Stored records
★ ★ ★ ★ ★ ★ ★
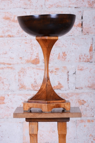 This exceptional small pedestal in the shape of a bowl is a masterpiece of Austrian Biedermeier from the early 19th century. It looks like a large chalice, which provides a sense of monumentality while keeping delicate proportions. This is an iconic design by the Viennese architect Josef Danhauser. He was a prominent representative of the Biedermeier style. His furniture continues to define the aesthetic of bourgeois elegance and comfort in Austria during that period.
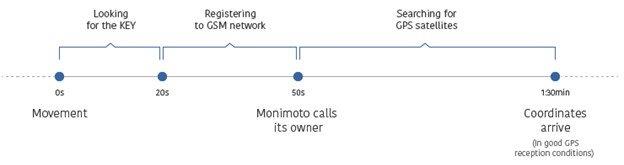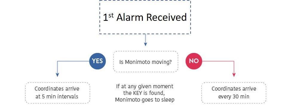 Important note: If the motorcycle stops moving, an update is sent within 30 minutes, but only once, then Monimoto goes back to Ready Mode but reactivates Alarm Mode if it detects movement again.
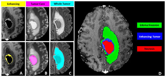 The tumor sub-regions annotated are based on observable features recognizable by trained radiologists (referred to as VASARI features) and include the following. The Gd-enhancing tumor (ET) labeled as 4, which represents the enhancing part of the tumor visible on T1Gd MRI scans, including areas of strong and faint enhancement. The peritumoral edematous/invaded tissue (ED) labeled as 2, which is characterized by an abnormal hyperintense signal on T2-FLAIR volumes, encompassing the infiltrative non-enhancing tumor and vasogenic edema in the peritumoral region. The necrotic tumor core (NCR) labeled as 1, which appears hypointense on T1Gd MRI and represents the non-viable, necrotic center of the tumor. This is illustrated in Figure 5.
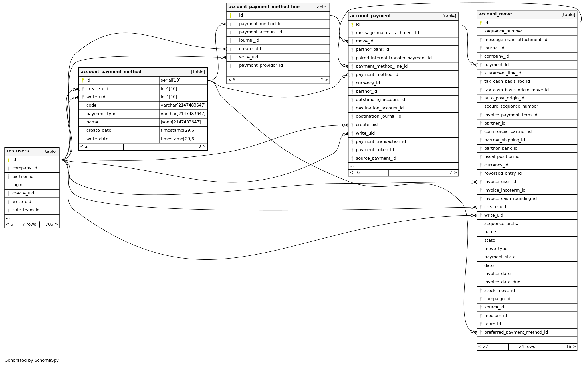 | account_payment_method_pkey | Primary key | Asc | id |
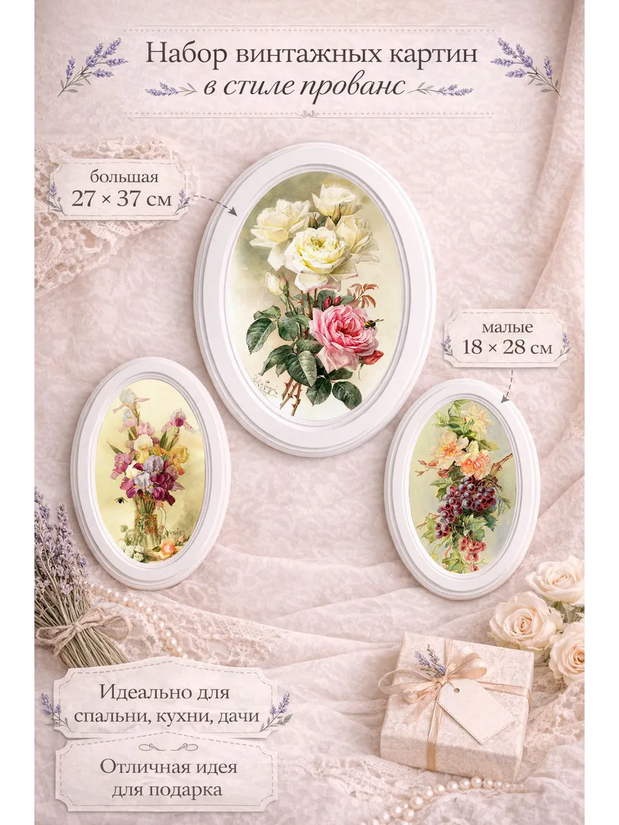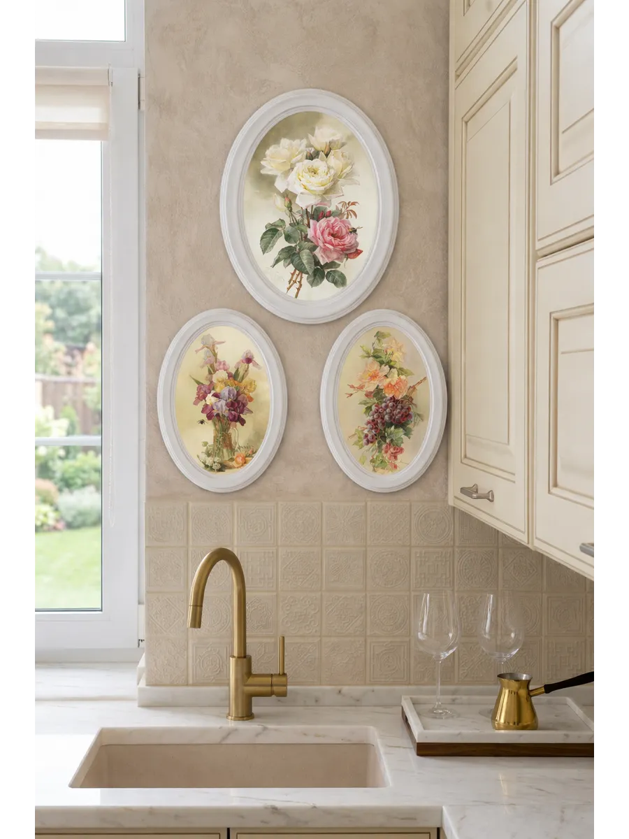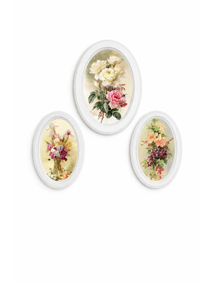 Элегантный набор из трёх картин в овальных рамах станет изысканным акцентом в интерьере и наполнит пространство атмосферой уюта и романтики. Нежные иллюстрации в винтажном стиле с цветами создают теплое настроение и прекрасно подходят для оформления спальни, кухни, гостиной или дачного дома.
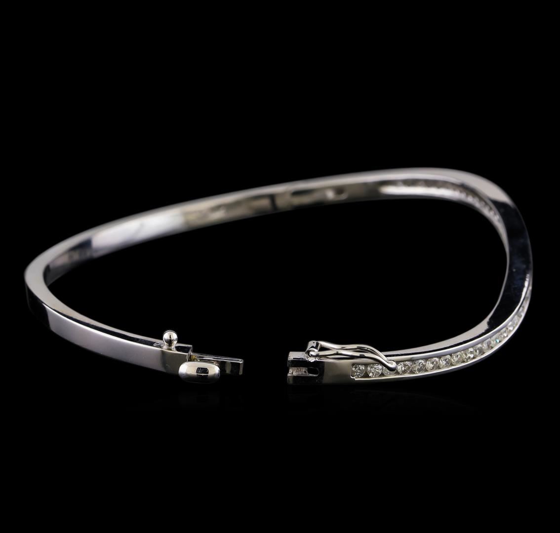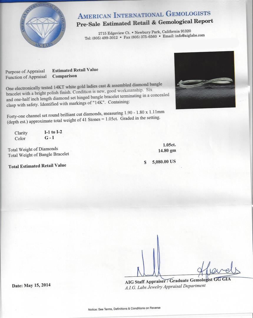 One electronically tested 14KT white gold ladies cast and assembled diamond bangle bracelet with a bright polish finish. Condition is new, good workmanship. Six and one-half inch length diamond set hinged bangle bracelet terminating in a concealed clasp with safety. Identified with markings of "14K". Containing: Forty-one channel set round brilliant cut diamonds, measuring 1.90 - 1.80 x 1.11mm (depth est.) approximate total weight of 41 Stones = 1.05ct. Graded in the setting. Clarity of I-1 to I-2, color of G-I. Total Weight of Diamonds: 1.05ct, Total Weight of Bangle Bracelet: 14.80 grams. AIG Appraised at $5,080.00.
★ ★ ★ ★ ★ ★ ★
= YOUR OBJECTIVE =
Write back the stretch of lines above that begins with the line holding "The tumor sub-regions" and ends with the line holding "Элегантный набор из", both included, exactly as written. Pictures stay out.

= SOLUTION TO THE PROBLEM =
 The tumor sub-regions annotated are based on observable features recognizable by trained radiologists (referred to as VASARI features) and include the following. The Gd-enhancing tumor (ET) labeled as 4, which represents the enhancing part of the tumor visible on T1Gd MRI scans, including areas of strong and faint enhancement. The peritumoral edematous/invaded tissue (ED) labeled as 2, which is characterized by an abnormal hyperintense signal on T2-FLAIR volumes, encompassing the infiltrative non-enhancing tumor and vasogenic edema in the peritumoral region. The necrotic tumor core (NCR) labeled as 1, which appears hypointense on T1Gd MRI and represents the non-viable, necrotic center of the tumor. This is illustrated in Figure 5.
 | account_payment_method_pkey | Primary key | Asc | id |
 Элегантный набор из трёх картин в овальных рамах станет изысканным акцентом в интерьере и наполнит пространство атмосферой уюта и романтики. Нежные иллюстрации в винтажном стиле с цветами создают теплое настроение и прекрасно подходят для оформления спальни, кухни, гостиной или дачного дома.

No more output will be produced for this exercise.